Nuits du Bota: Katerine et Suuns ont touché au sublime

On a vécu de bien belles Nuits qui, sur la fin, ont carrément flirté avec le sublime. On en veut pour preuve ce concert absolument époustouflant de Philippe (comment tu t'appelles?) Katerine au Cirque Royal samedi. Une soirée qui avait débuté pour nous dans une Rotonde, désormais garnie d'un squelette d'on ne sait quel dinosaure sous sa coupole. S'y déroulait une soirée presque exclusivement italienne, organisée en collaboration avec le festival Arezzo Wave. Entre les excellents Wrongtoyou (délicat à la Bon Iver) et Joycut (on n'a pas vu, mais on nous a dit le plus grand bien de leur postrock), nos compatriotes d'Italian Boyfriend se sont tapés l'incruste. En live, l'arrivée de Tim (même s'il jouait avec une jambe dans le plâtre) à la batterie apporte un plus incontestable. On a donc désormais la moitié de BRNS dans le groupe, mais ça n'a pourtant strictement rien à voir. C'est délicieusement nonchalant et maladroit. Pour coller au thème de la soirée, ils se sont même permis une reprise de Rafaella Carra, chantée par Sarah. Et César, une fois sorti de Katerine1.jpgscène, de sortir son copion griffonné en italien "Google translate" pour tenter de convaincre les autres de faire jouer son groupe en Italie.

Entretemps, nous avions pris en quatrième vitesse la direction du Cirque Royal, où Blondy Brownie et Alex Beaupain venaient de finir leur set. Nous voilà tip top sur place pour les premières notes de "La Reine d'Angleterre". On le craignait un peu ce concert "intimiste" de Katerine dans ce grand Cirque. Comment allait-il tenir le coup sans pouvoir faire le guignol, en slip, avec ses danseuses? Mais les craintes ont été très vite dissipées, et pas un peu. Nous avons carrément assisté au meilleur concert de ces Nuits.
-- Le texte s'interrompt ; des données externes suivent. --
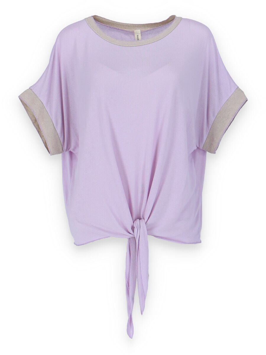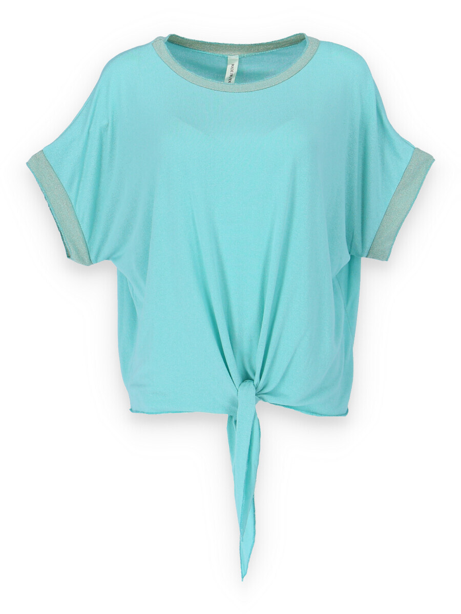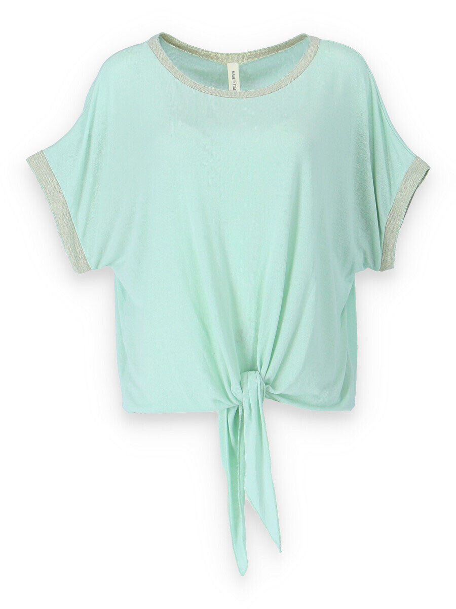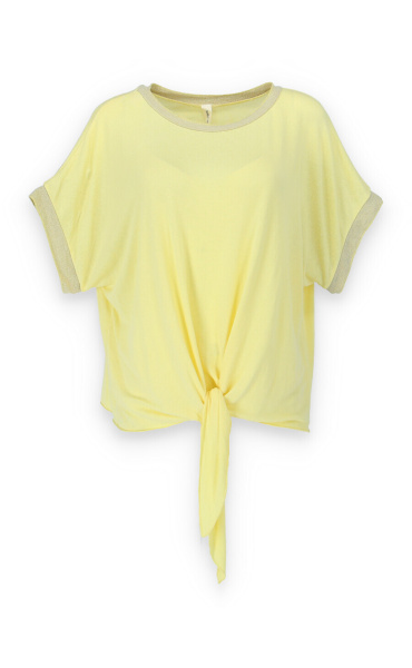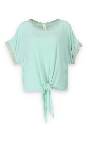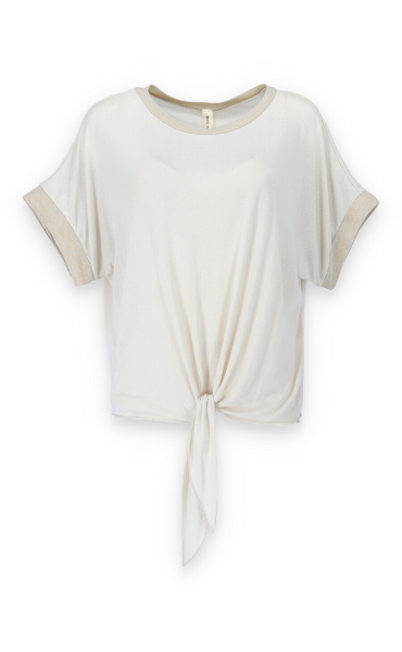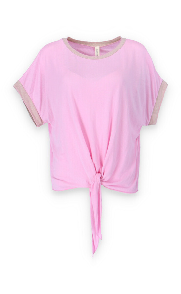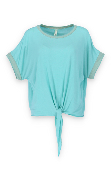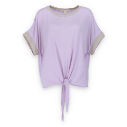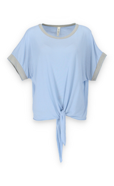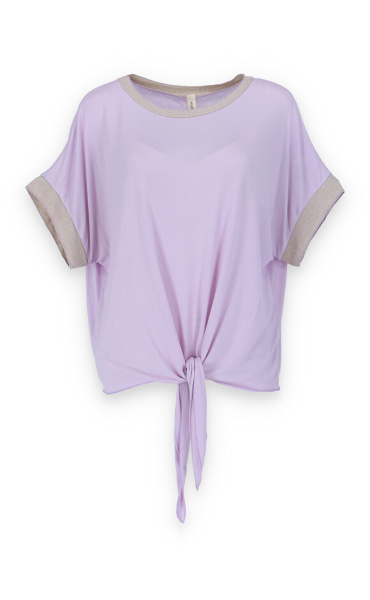 Dámská halenka s vázáním v pase volnějšího střihu. Halenka má krátký rukáv a kulatý výstřih.
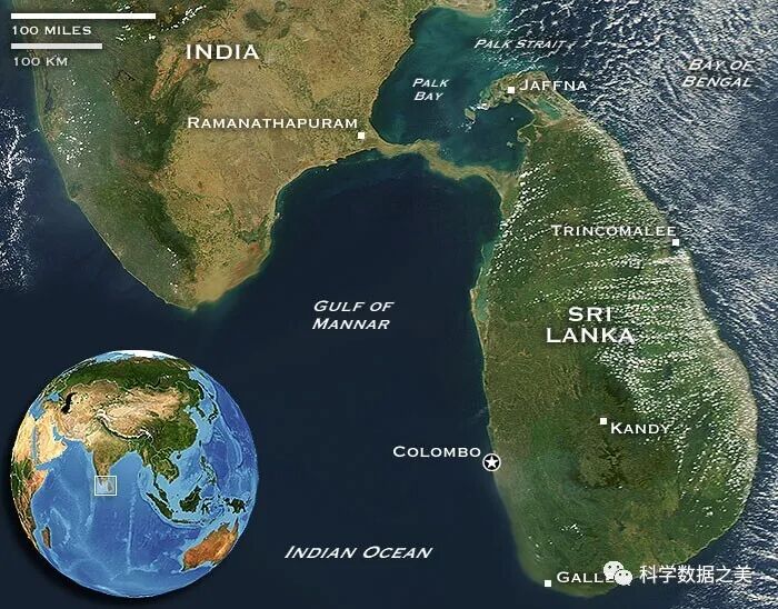 印度洋保克湾和马纳尔湾之间美丽的彩色浅水和珊瑚礁。连接印度与斯里兰卡的罗摩桥或称亚当桥(Rama’s Bridge or Adam’s Bridge)其实并不是一座真的桥梁,而是水底清晰可见的岩礁和石灰岩沙洲。#Sentinel2(此处还有一个传说,有兴趣的可以搜一下。)
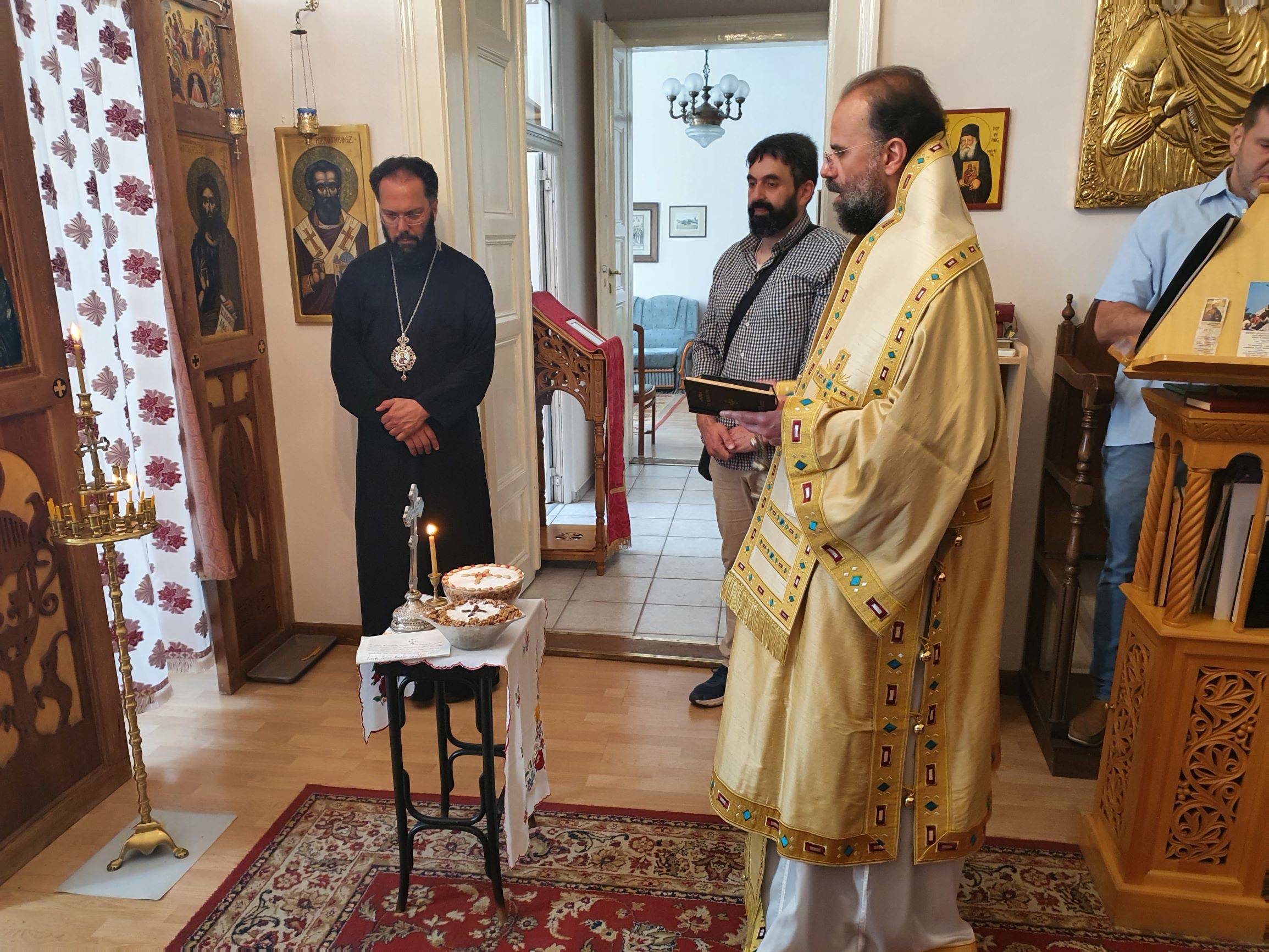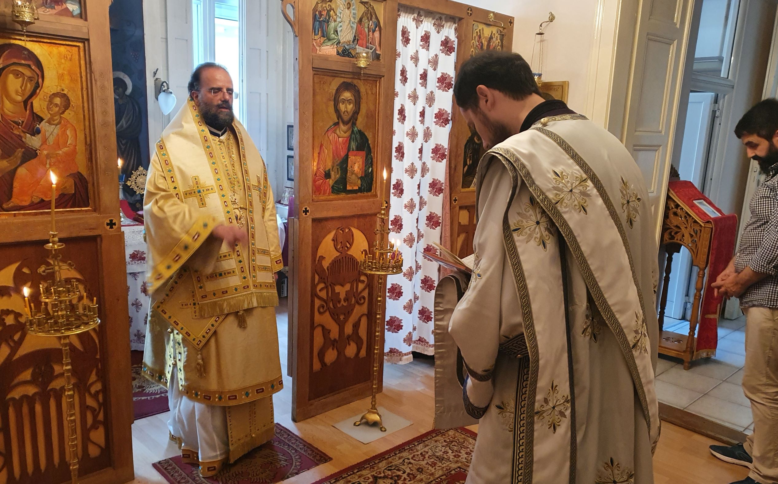 Am Samstag, den 19. Juni 2021, reiste Metropolit Arsenios von Austria nach Budapest. In der Kapelle zu den hll. Hierotheos und Stephan nahm er an der Göttlichen Liturgie teil, die Bischof Paisios von Apameia mit Erzdiakon Maximos Rugyko feierte. Neben Klerikern nahmen auch Gläubige des ungarischen Exarchats an der Liturgie teil und gratulierten Bischof Paisios zu seinem Namenstag.

Katerine n'a fait que confirmer, grandeur nature, l'excellente impression qu'il avait laissée il y a quelques semaines lors de son showcase dans les bureaux de Pias. Accompagné de sa pianiste classique et habillé comme un Peter Pan sous LSD, il a tout simplement été sublime. Pendant 1h30, on a navigué entre le concert émouvant (comme quand il rend hommage à son père, récemment décédé) et le standup hilarant. On a évidemment eu une bonne partie du dernier album, mais aussi des classiques revisités comme "Louxor" ou "La Banane". Du très grand art.
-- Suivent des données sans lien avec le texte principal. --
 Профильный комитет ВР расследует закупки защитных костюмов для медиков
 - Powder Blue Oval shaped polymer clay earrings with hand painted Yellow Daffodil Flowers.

Dimanche, cerise sur le gâteau, nous nous Suuns.jpgsommes réconciliés avec Suuns. Lors de leur dernier passage aux Nuits, au Cirque Royal, les Canadiens nous avaient franchement ennuyés. Cette fois, ils ont été hypnotiques, massifs, puissants et prenants. Comme sur ce "2020" joué de main de maître pendant le premier tiers du concert. Un bien joli bouquet final pour de bien belles Nuits. Le canard laqué en terrasse, les transats Ricard et le slalom sur les marches du Bota, tout ça c'est déjà fini. On attend déjà la prochaine édition avec impatience, snif...

> Ch.V.I.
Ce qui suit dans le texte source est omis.